GIVEN MATERIAL —
--------------------------------

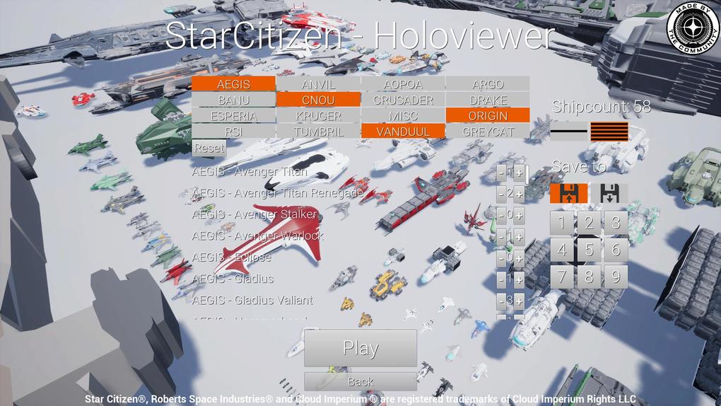 The update V3.1 of the Star Citizen Holoviewer is now available. The update brings 6 new Ships It also brings the possibility to Save and Load up to 9 Shiploadouts for the Customemode.
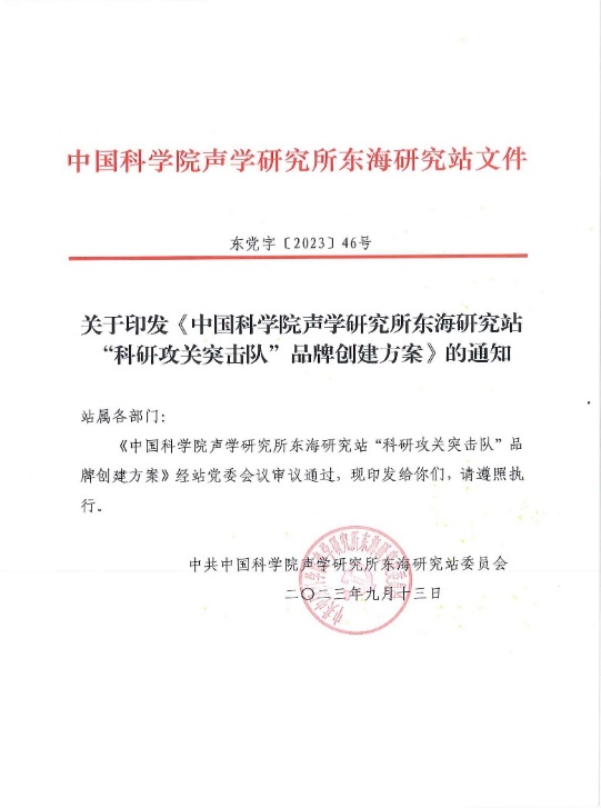 为把“科研攻关突击队”品牌打造成可推广可借鉴的模式,站党委牵头制定了《中国科学院声学研究所东海研究站“科研攻关突击队”品牌创建方案》和创建流程图,形成了 “八个一”的标准创建流程。
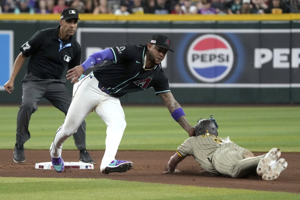 Merrill was injured in the seventh inning when he attempted a stolen base, but was tagged out by Arizona second baseman Ketel Marte. The tag came on Merrill’s helmet as he slid head first and he was down for several minutes before walking off the field. He was replaced in the field by Brandon Lockridge.
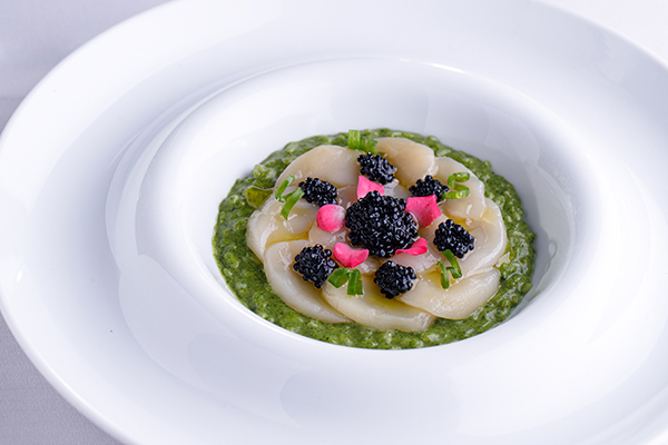 Risoto de pistache com crudo de viera e caviar de Mujol

--------------------------------

YOUR OBJECTIVE —
Once the line containing "Merrill was injured" is found, transcribe it and the rest of the lines to the end of the listing above exactly, omitting all pictures.

TASK RESPONSE —
 Merrill was injured in the seventh inning when he attempted a stolen base, but was tagged out by Arizona second baseman Ketel Marte. The tag came on Merrill’s helmet as he slid head first and he was down for several minutes before walking off the field. He was replaced in the field by Brandon Lockridge.
 Risoto de pistache com crudo de viera e caviar de Mujol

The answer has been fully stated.